The horse was named by European explorers after its home region Riwoche County in northeastern Tibet. The breed was first observed by non-Tibetans in 1995 in an isolated, 27 km-long valley, reachable only by crossing a 5000 m mountain pass, by a team of explorers led by the French ethnologist Michel Peissel. While on an expedition to study another horse breed that Peissel had previously observed in 1993, the Nangchen horse, he came upon a number of small horses in an isolated valley in the Riwoche region of Tibet. These animals were unknown to the rest of the world but familiar to and used by the local Bon-po people. Peissel and his crew obtained blood samples from the herd for DNA testing; the samples were given to Steven Harrison, a geneticist at the Royal Agricultural College in Cirencester, England.

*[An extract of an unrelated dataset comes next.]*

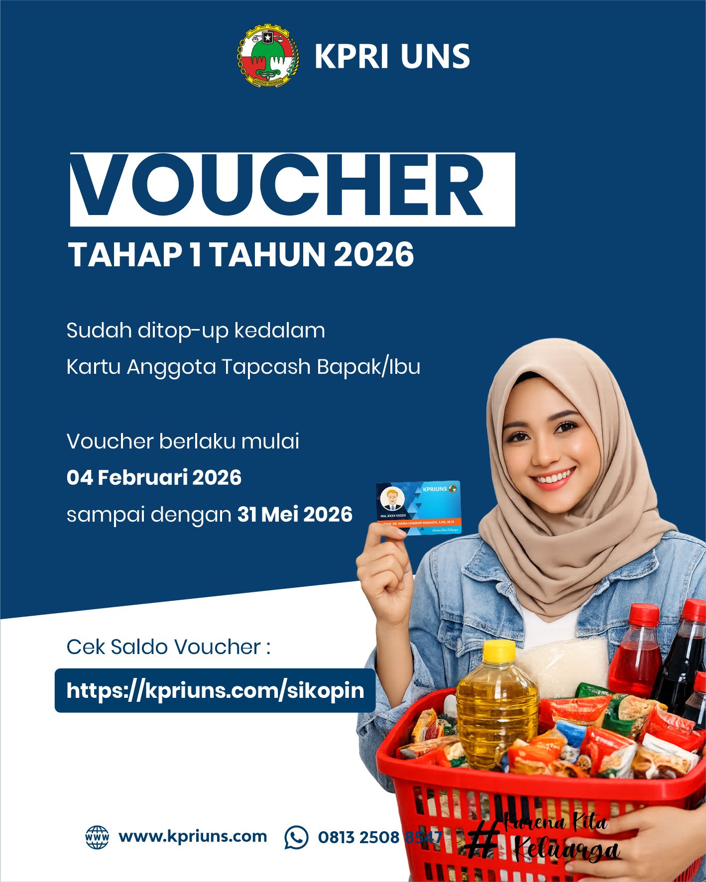 Voucher Kesejahteraan Tahap 1 Tahun 2026 sudah ditopup kedalam Kartu Anggota Tapcash Bapak/Ibu Anggota KPRI UNS untuk keanggotaan per 31 Desember 2025. Voucher dapat dibelanjakan di Mangesthi Mart sampai dengan 31 Mei 2026. Voucher tidak dapat digunakan untuk pembayaran PPOB, hanya dapat dibelanjakan dalam bentuk barang.

A British equine psychologist accompanying the expedition, Dr. Ignasi Casas, theorized that the Riwoche horse was a relict population of wild horses, as they had been living in near-complete isolation from other breeds for a very long time. Other hypotheses suggested that they are an evolutionary link between the prehistoric horse and the domesticated horse, but testing did not reveal any appropriate genetic divergence from other horses, which was in line with news reports that the horses were domesticated and used as pack and riding animals by the local residents. Peissel noted the phenotypical resemblance of the Riwoche horse to the Przewalski's horse, but expressed a strong belief that the two are not closely related. Pointing out that the breed's isolation preserved its characteristics, Casas said, "It looks very primitive and very tough. Horses in the adjacent areas are very different." Casas suggested that one explanation for their archaic form was because the valley where they were found is closed off on both sides by very tall passes that rose to an altitude where horses were unlikely to migrate naturally because there was nothing to eat.

Peissel told The New York Times, "They looked completely archaic, like the horses in prehistoric cave paintings. We thought it was just a freak, then we saw they were all alike." He added to Time magazine, "The beige coat, black and bristly mane and the stripes on its back legs and back are similar to [features of] the most ancient breeds we know. The angular shape of the body, and the head in particular, is like that of the horses found in the Stone Age cave paintings." He told CNN, "It took me two years to get permission to go to that area, and it will be very difficult to get permission to go back and export them. As you know, Tibet is occupied by the Chinese and they're not very keen on foreigners visiting these remote areas."